## Work to complete
The data below should be transcribed in full, with no picture included.

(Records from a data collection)
-.-.-

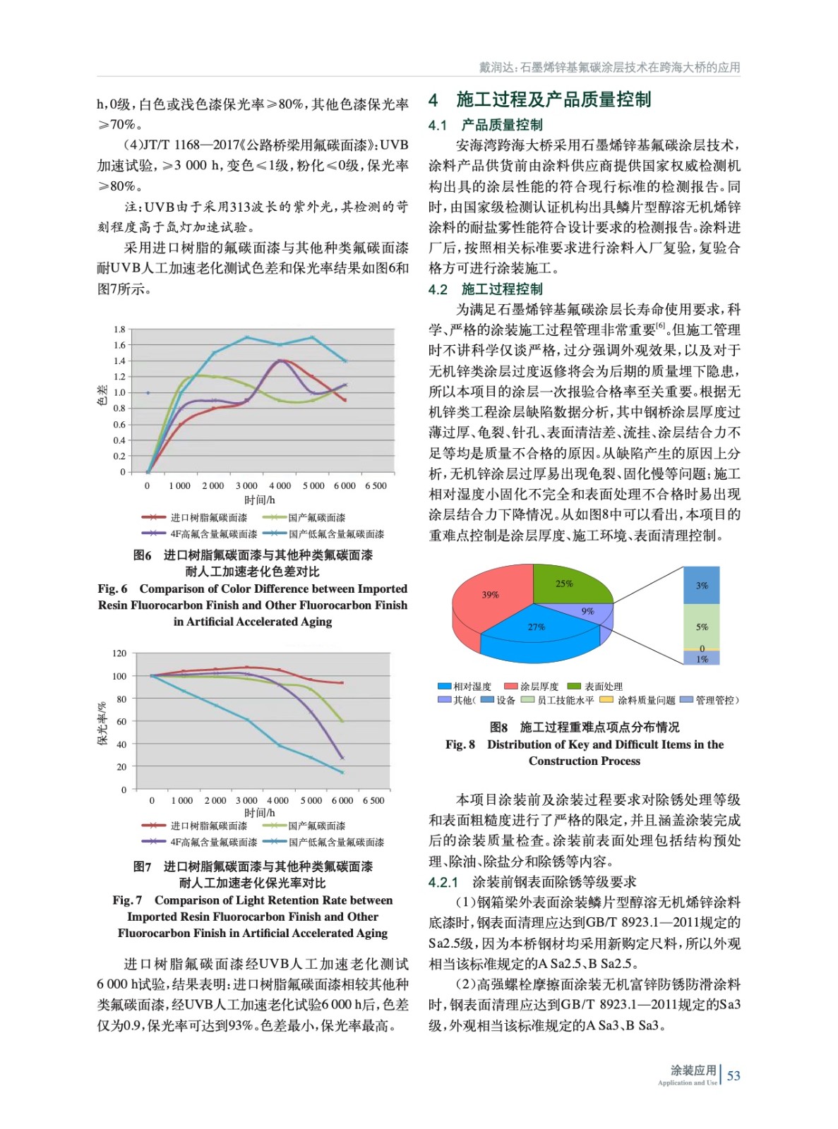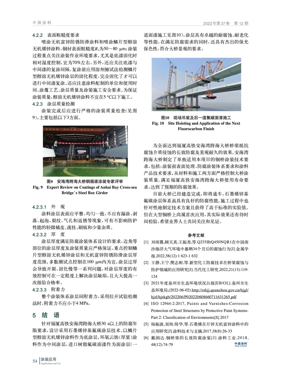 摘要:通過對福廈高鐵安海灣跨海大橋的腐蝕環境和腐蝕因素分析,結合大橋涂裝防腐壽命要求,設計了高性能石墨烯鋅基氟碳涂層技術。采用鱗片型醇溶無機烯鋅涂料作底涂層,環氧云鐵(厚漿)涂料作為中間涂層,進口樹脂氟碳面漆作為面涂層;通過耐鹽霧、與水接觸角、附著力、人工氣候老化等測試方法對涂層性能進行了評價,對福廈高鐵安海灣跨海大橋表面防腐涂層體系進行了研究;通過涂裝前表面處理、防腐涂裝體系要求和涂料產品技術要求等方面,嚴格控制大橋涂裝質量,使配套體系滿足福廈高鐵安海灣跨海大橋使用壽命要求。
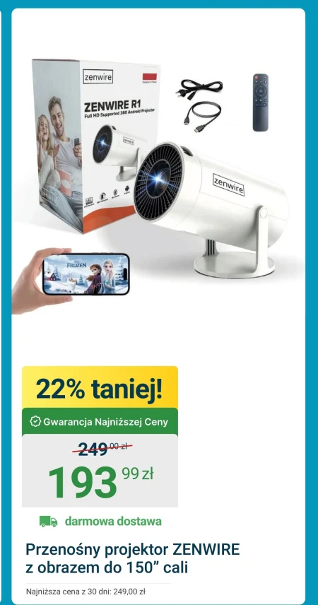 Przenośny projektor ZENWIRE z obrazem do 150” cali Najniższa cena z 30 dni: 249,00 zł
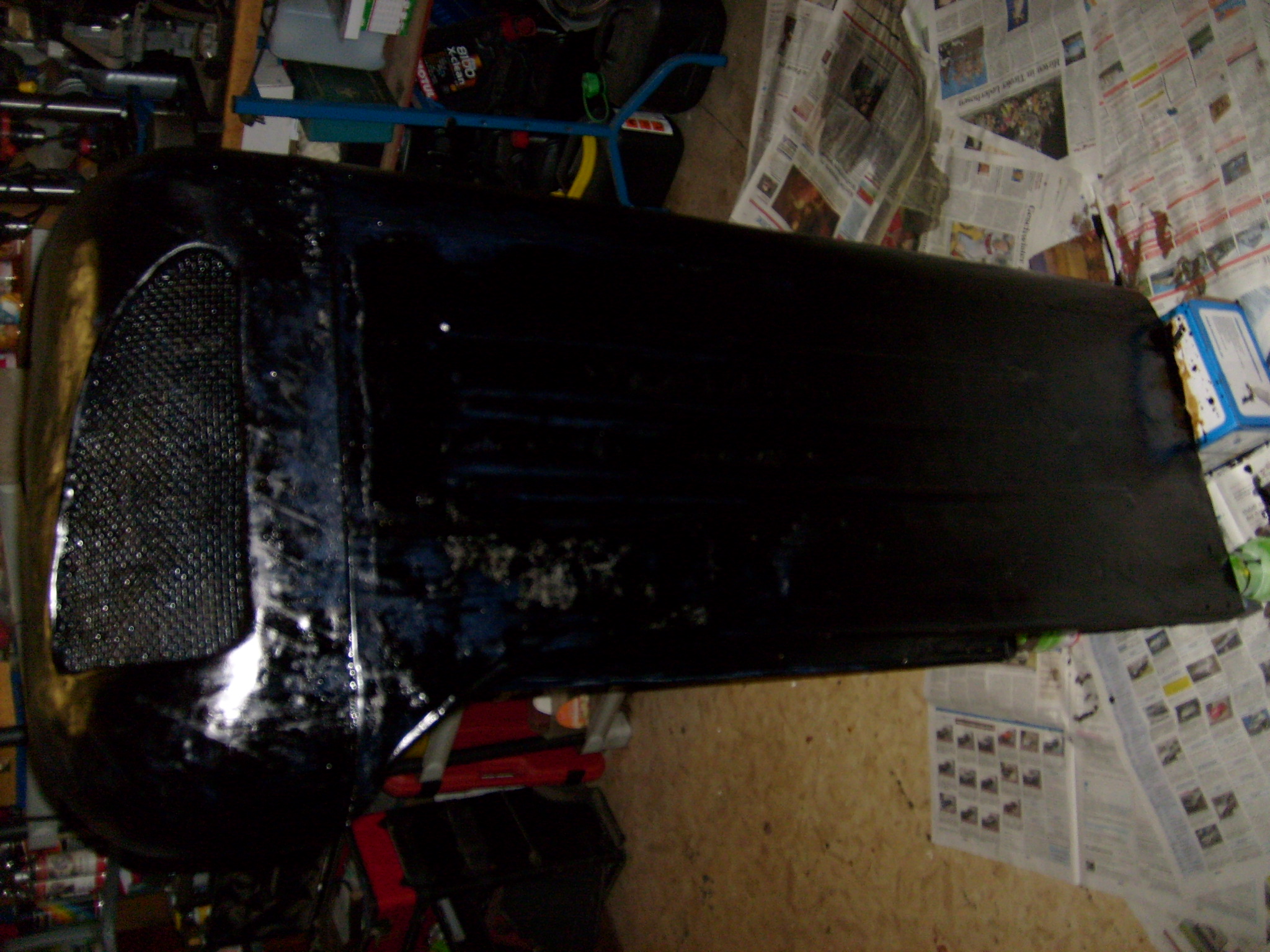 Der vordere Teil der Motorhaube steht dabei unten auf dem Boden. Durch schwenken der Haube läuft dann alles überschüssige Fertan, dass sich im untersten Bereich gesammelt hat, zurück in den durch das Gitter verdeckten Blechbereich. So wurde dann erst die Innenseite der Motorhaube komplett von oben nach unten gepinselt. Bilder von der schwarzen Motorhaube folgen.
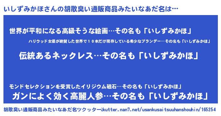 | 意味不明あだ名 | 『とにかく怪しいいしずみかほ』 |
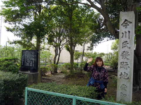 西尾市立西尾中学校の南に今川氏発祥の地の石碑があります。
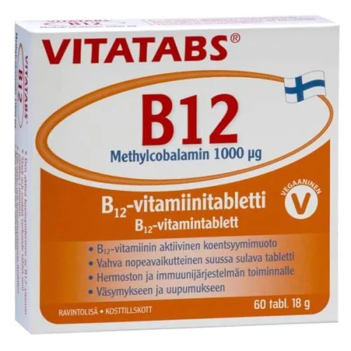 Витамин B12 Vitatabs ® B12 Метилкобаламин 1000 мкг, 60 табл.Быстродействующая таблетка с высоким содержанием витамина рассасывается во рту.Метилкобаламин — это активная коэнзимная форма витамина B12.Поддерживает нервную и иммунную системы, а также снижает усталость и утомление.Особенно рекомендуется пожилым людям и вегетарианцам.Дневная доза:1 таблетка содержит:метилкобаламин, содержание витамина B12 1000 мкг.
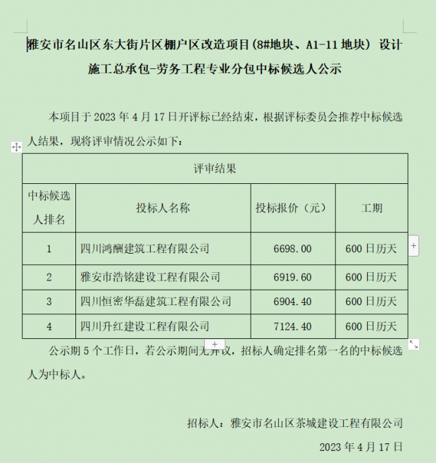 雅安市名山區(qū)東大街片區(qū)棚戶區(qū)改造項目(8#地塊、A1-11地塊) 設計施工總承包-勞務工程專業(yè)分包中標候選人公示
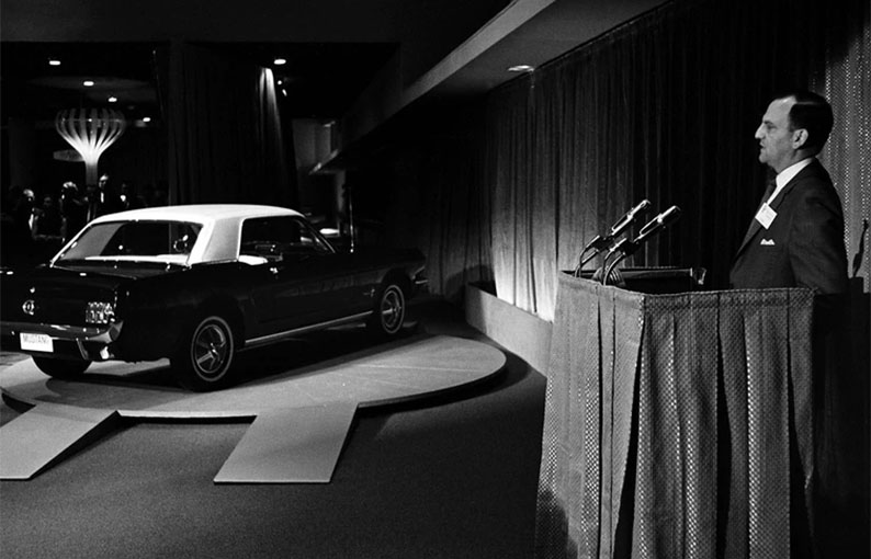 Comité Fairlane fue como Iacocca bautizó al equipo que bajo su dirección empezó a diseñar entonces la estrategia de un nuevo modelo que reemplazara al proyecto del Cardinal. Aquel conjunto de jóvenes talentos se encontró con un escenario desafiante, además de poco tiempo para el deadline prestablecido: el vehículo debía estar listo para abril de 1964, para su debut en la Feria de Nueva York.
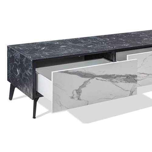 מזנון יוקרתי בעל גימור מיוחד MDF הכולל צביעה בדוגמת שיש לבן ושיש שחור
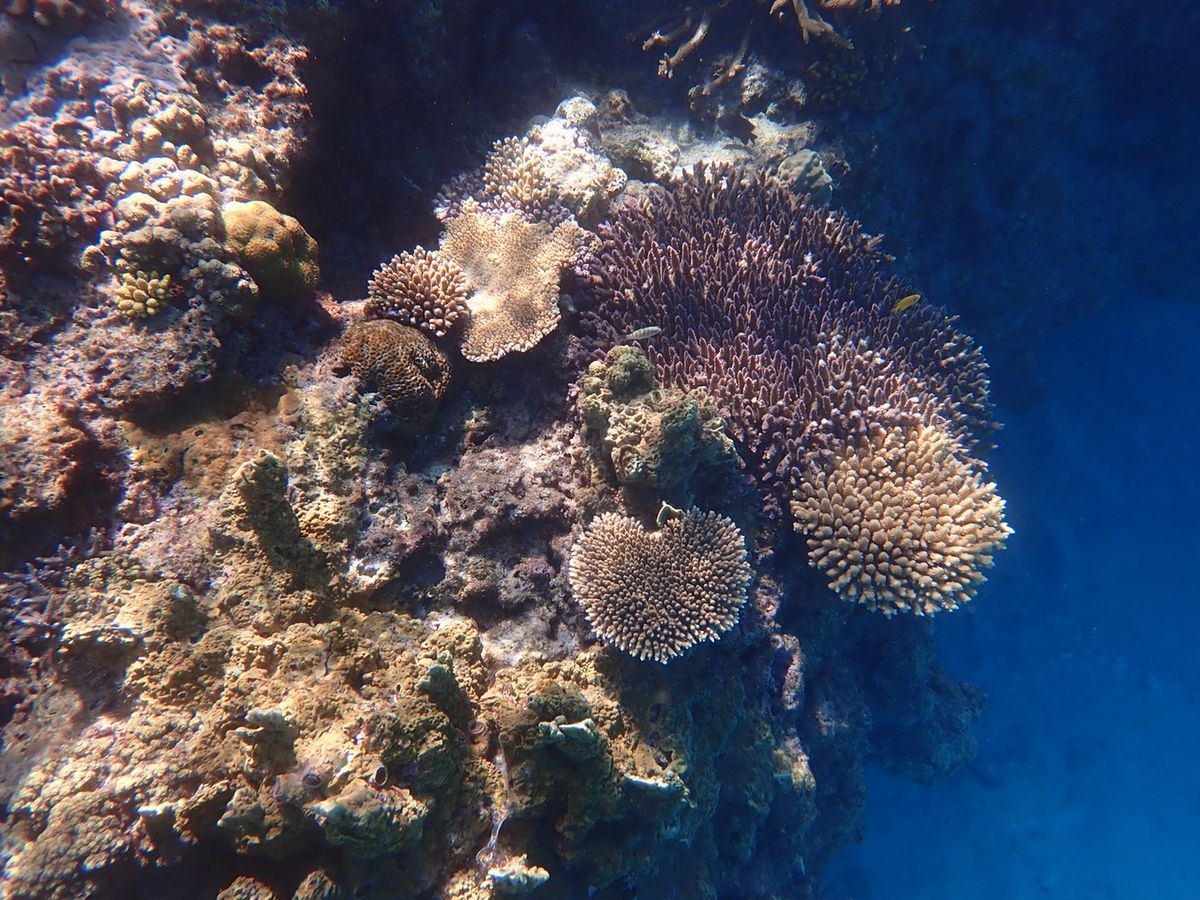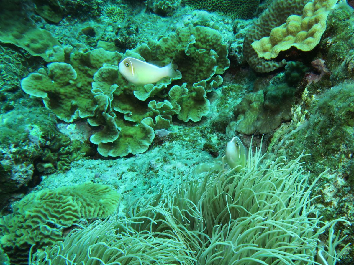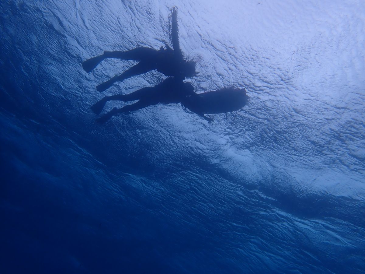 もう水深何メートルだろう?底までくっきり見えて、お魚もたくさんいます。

-.-.-

## The completed task
 摘要:通過對福廈高鐵安海灣跨海大橋的腐蝕環境和腐蝕因素分析,結合大橋涂裝防腐壽命要求,設計了高性能石墨烯鋅基氟碳涂層技術。采用鱗片型醇溶無機烯鋅涂料作底涂層,環氧云鐵(厚漿)涂料作為中間涂層,進口樹脂氟碳面漆作為面涂層;通過耐鹽霧、與水接觸角、附著力、人工氣候老化等測試方法對涂層性能進行了評價,對福廈高鐵安海灣跨海大橋表面防腐涂層體系進行了研究;通過涂裝前表面處理、防腐涂裝體系要求和涂料產品技術要求等方面,嚴格控制大橋涂裝質量,使配套體系滿足福廈高鐵安海灣跨海大橋使用壽命要求。
 Przenośny projektor ZENWIRE z obrazem do 150” cali Najniższa cena z 30 dni: 249,00 zł
 Der vordere Teil der Motorhaube steht dabei unten auf dem Boden. Durch schwenken der Haube läuft dann alles überschüssige Fertan, dass sich im untersten Bereich gesammelt hat, zurück in den durch das Gitter verdeckten Blechbereich. So wurde dann erst die Innenseite der Motorhaube komplett von oben nach unten gepinselt. Bilder von der schwarzen Motorhaube folgen.
 | 意味不明あだ名 | 『とにかく怪しいいしずみかほ』 |
 西尾市立西尾中学校の南に今川氏発祥の地の石碑があります。
 Витамин B12 Vitatabs ® B12 Метилкобаламин 1000 мкг, 60 табл.Быстродействующая таблетка с высоким содержанием витамина рассасывается во рту.Метилкобаламин — это активная коэнзимная форма витамина B12.Поддерживает нервную и иммунную системы, а также снижает усталость и утомление.Особенно рекомендуется пожилым людям и вегетарианцам.Дневная доза:1 таблетка содержит:метилкобаламин, содержание витамина B12 1000 мкг.
 雅安市名山區(qū)東大街片區(qū)棚戶區(qū)改造項目(8#地塊、A1-11地塊) 設計施工總承包-勞務工程專業(yè)分包中標候選人公示
 Comité Fairlane fue como Iacocca bautizó al equipo que bajo su dirección empezó a diseñar entonces la estrategia de un nuevo modelo que reemplazara al proyecto del Cardinal. Aquel conjunto de jóvenes talentos se encontró con un escenario desafiante, además de poco tiempo para el deadline prestablecido: el vehículo debía estar listo para abril de 1964, para su debut en la Feria de Nueva York.
 מזנון יוקרתי בעל גימור מיוחד MDF הכולל צביעה בדוגמת שיש לבן ושיש שחור
 もう水深何メートルだろう?底までくっきり見えて、お魚もたくさんいます。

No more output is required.